EXERCISE DATA:
»»

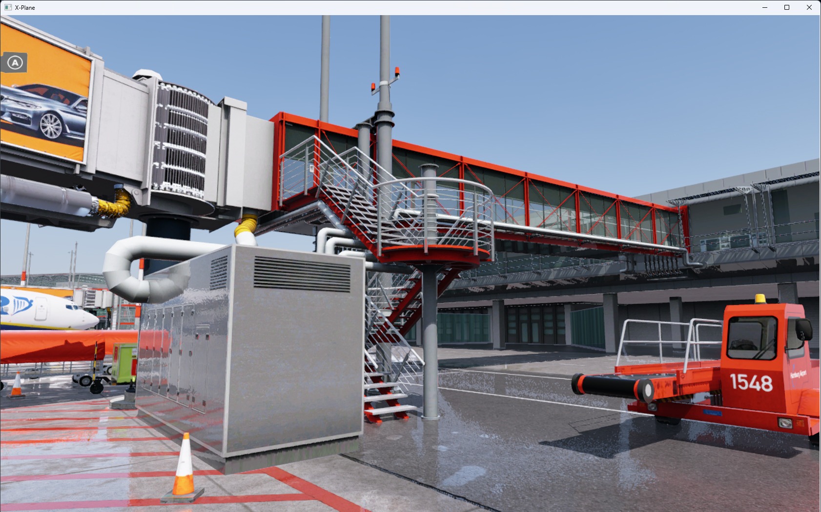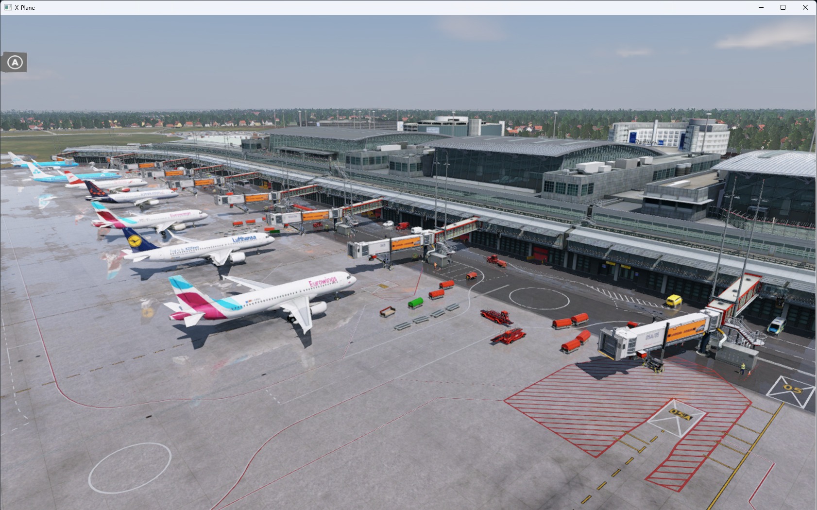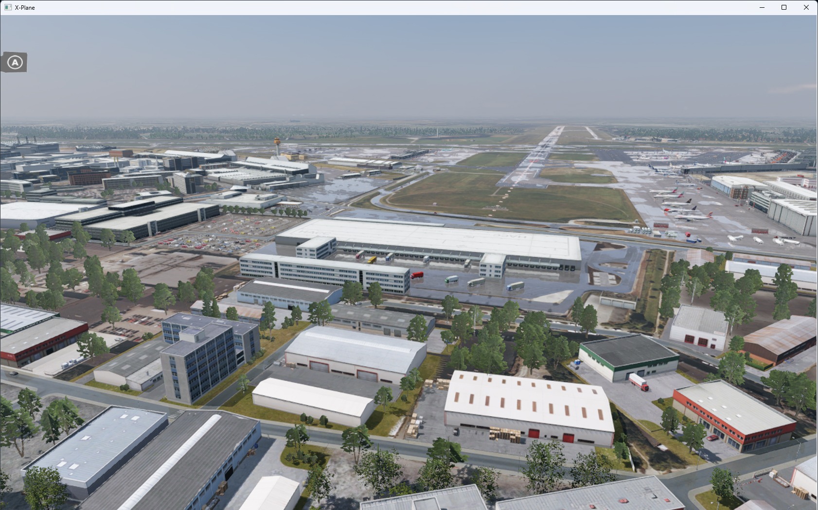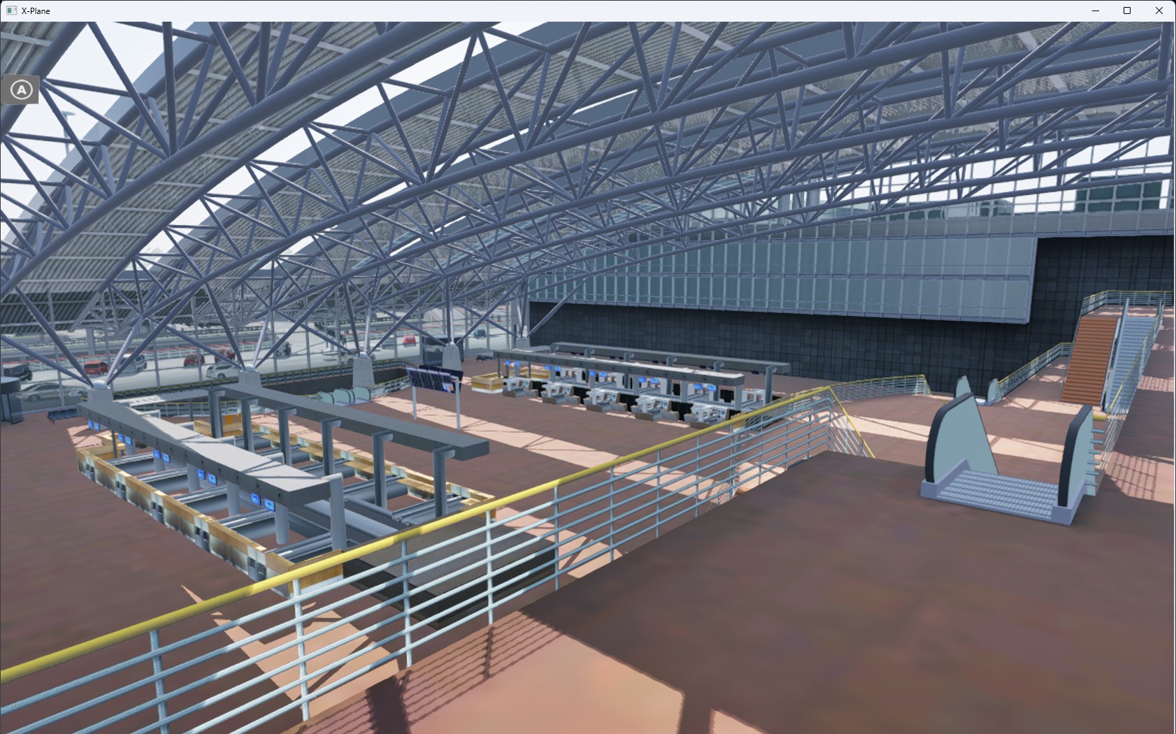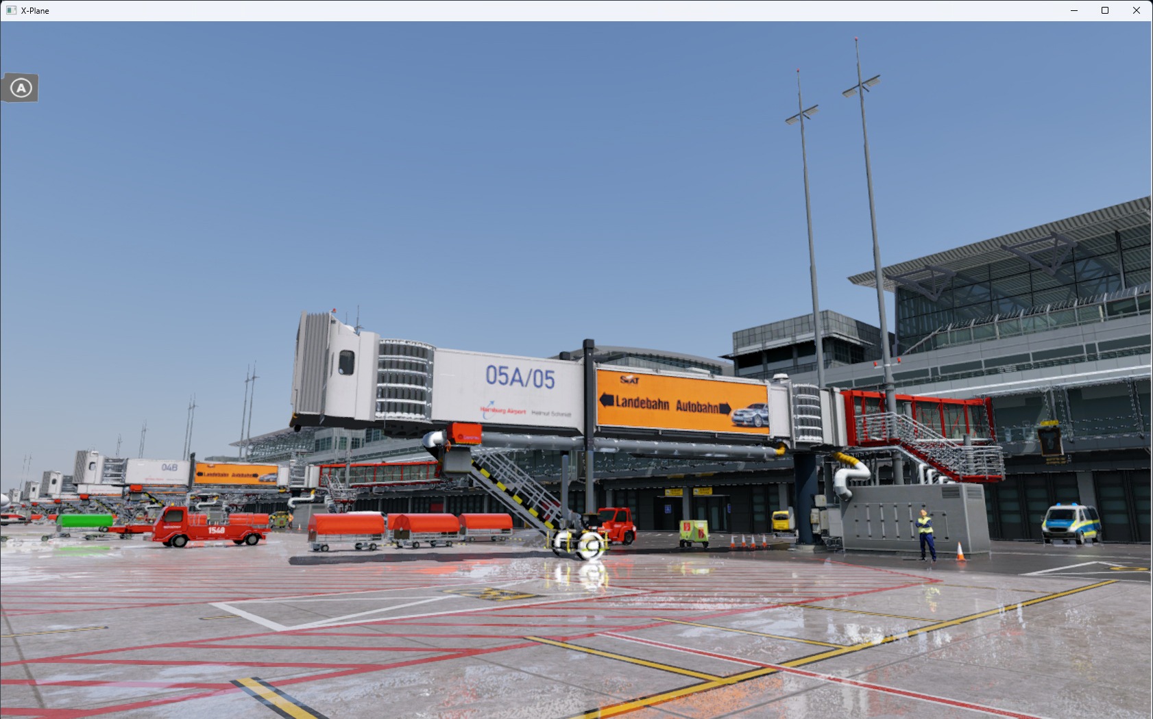 Die Landseite wurde zusätzlich zur Luftseite detailliert umgesetzt – einschließlich der Parkhäuser und des Untergeschosses. Die Beleuchtung ist stimmig und plausibel ausgefallen, der Bodenverkehr ebenfalls. Die Performance ist selbst bei Verwendung von größeren und großen Flugzeugen untadelig.
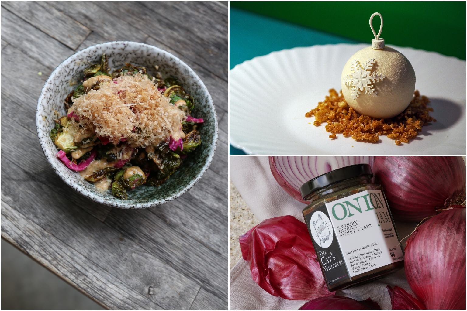 (Clockwise from left) Roasted Brussel Sprouts from Habibi-san!, Jaune from Mad About Sucre and The Cat's Whiskers Onion Jam.
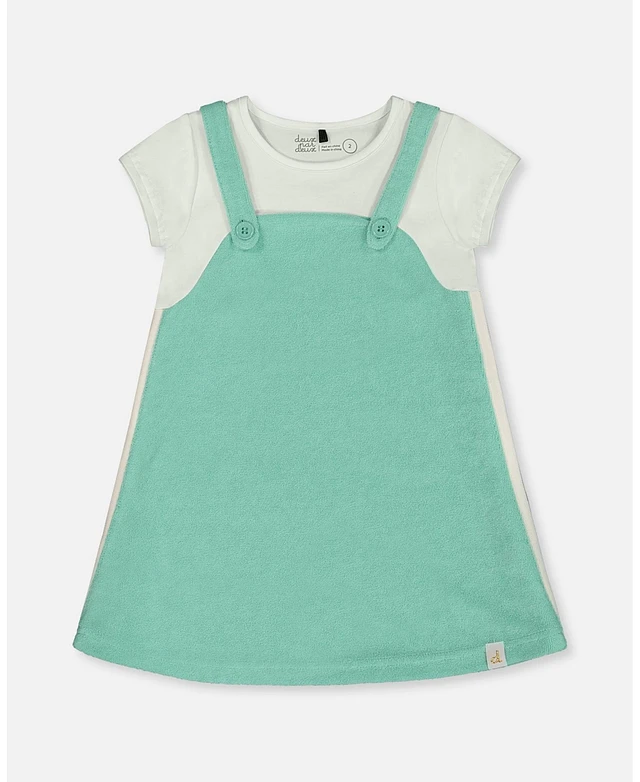 Deux par Big Girls Terry Cloth Dress Turquoise And Off-White
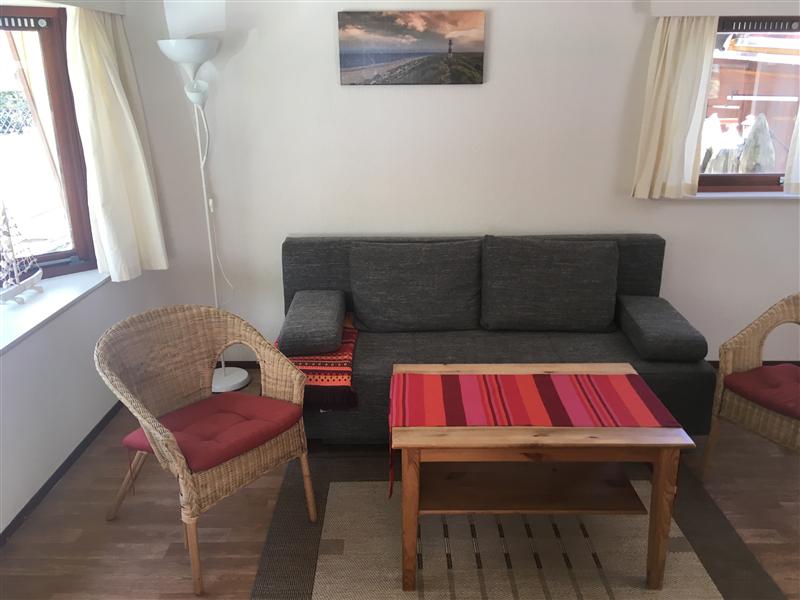 Es handelt sich um einen ca. 45 qm großen Bungalow. Es gibt ein Schlafzimmer mit einem Doppelbett, ein weiteres Zimmer mit einem Etagenbett. Die Küche ist offen zum Wohnbereich gestaltet. Zusätzlich gibt es noch ein Esszimmer. Das Badezimmer ist mit einer neuen Dusche ausgestattet.
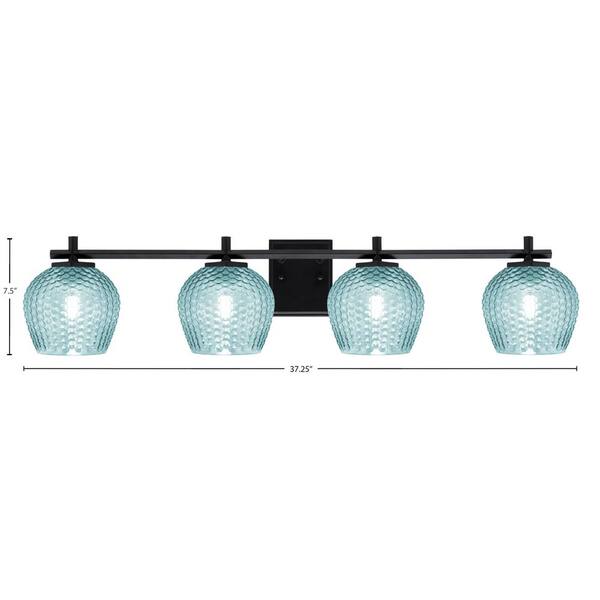 Bridgewater 37 in. 4 Light Vanity Light Matte Black with 6 in. Turquoise Textured Glass Shades, No Bulbs Included
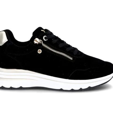 Rieker sneakers joggesko i størrelse 39. Modellen er i svart med hvit såle og har både snøring og glidelås på siden. Overdelen består av tekstil og syntetisk materiale med strukturdetaljer på tåpartiet. Skoene har polstret kant rundt ankelen og en oppbygd yttersåle som gir god støtte ved hverdagsbruk og lett gange.
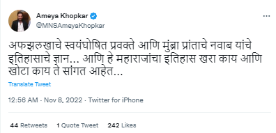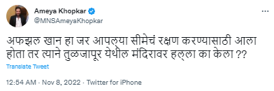 “अफझल खान हा जर आपल्या सीमेचं रक्षण करण्यासाठी आला होता तर त्याने तुळजापूर येथील मंदिरावर हल्ला का केला?” असा प्रश्नही खोपकर यांनी ट्वीटरवरुन विचारला आहे.
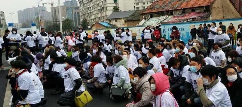 1月28日,据多名网友微博爆料:金华万达广场门口再次聚集了数百维权退房的业主,他们身穿白色T恤,上面印有黑色“无信”、“退房”等字样。图片来源网络
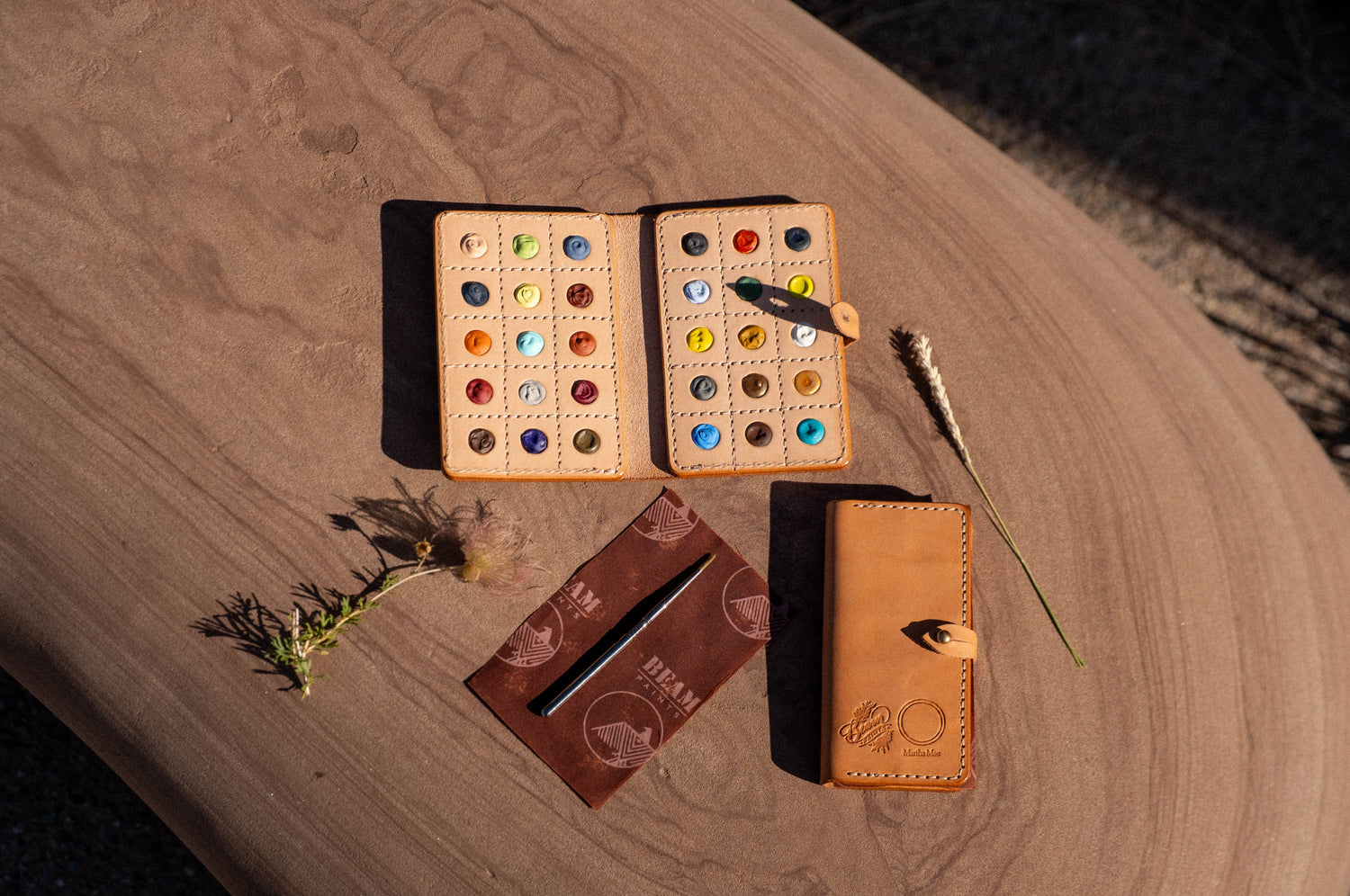 A handmade leather natural watercolor palette by Martha Mae and Beam Paints made in collaboration with Tundra Leather.
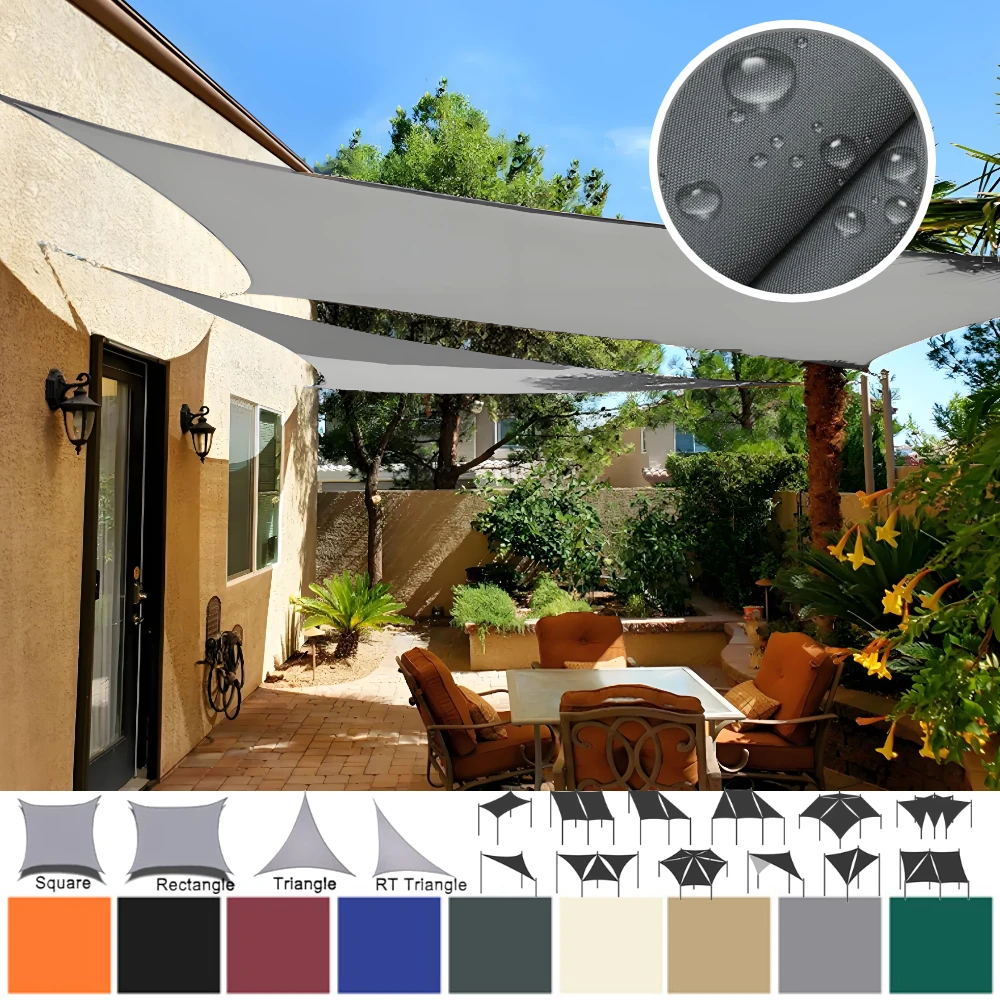 Resistente al agua: la tela ha sido tratada con un revestimiento impermeable, buena para la lluvia y el sol al mismo tiempo, es necesario inclinar la vela de sombra en una posición baja y alta para evitar que el agua contorneada durante la instalación.
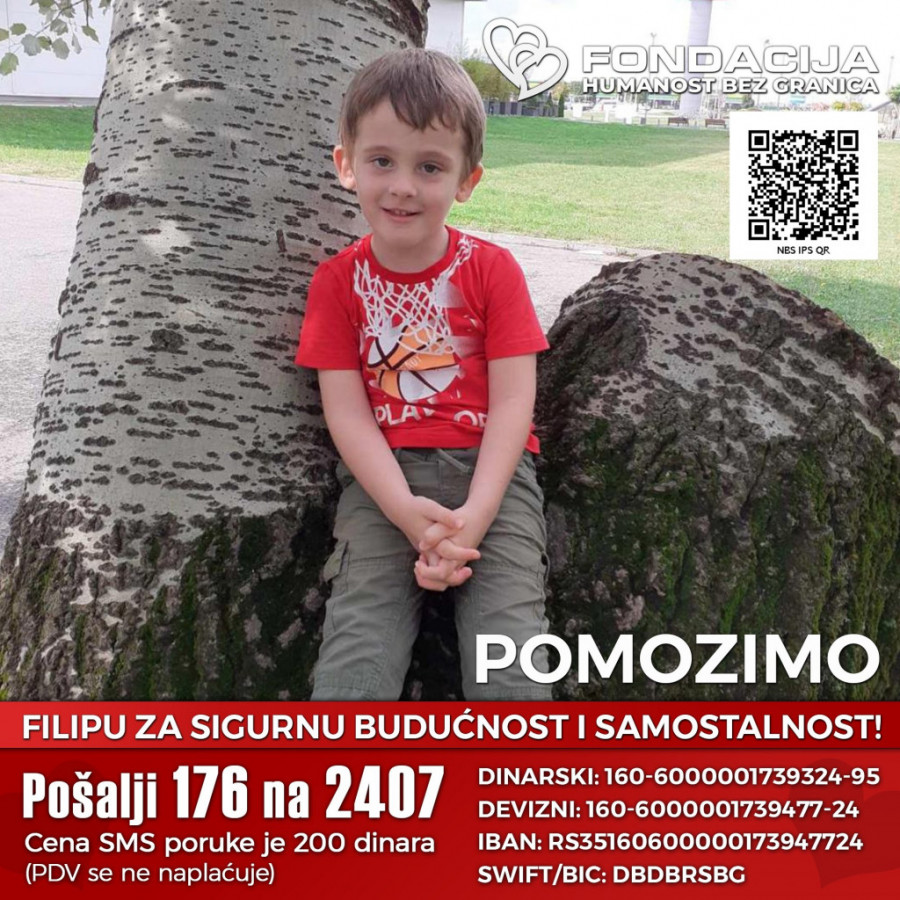 Ovim putem pozivamo sve ljude dobre volje da pomognu Filipu, tako što će preko FONDACIJE – humanost bez granica poslati SMS sa brojem 176 na 2407. Uplate za pomoć u lečenju mogu da se izvrše i na dinarski i devizni račun korisnika i putem E-doniraj internet plaćanjem platnim karticama iz celog sveta, kao i preko platforme PayPal.
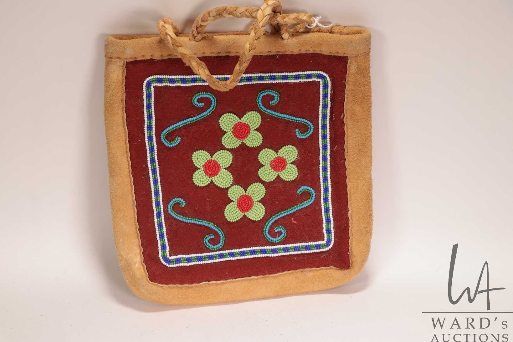 Canadian Indigenous purse with fringed edge, cotton lining and beaded decoration

««

WHAT YOU WILL DO: Restate word for word each line from the top of the listing down to and including the line that holds "Deux par Big". Drop any pictures.

SOLUTION TO THE PROBLEM:
 Die Landseite wurde zusätzlich zur Luftseite detailliert umgesetzt – einschließlich der Parkhäuser und des Untergeschosses. Die Beleuchtung ist stimmig und plausibel ausgefallen, der Bodenverkehr ebenfalls. Die Performance ist selbst bei Verwendung von größeren und großen Flugzeugen untadelig.
 (Clockwise from left) Roasted Brussel Sprouts from Habibi-san!, Jaune from Mad About Sucre and The Cat's Whiskers Onion Jam.
 Deux par Big Girls Terry Cloth Dress Turquoise And Off-White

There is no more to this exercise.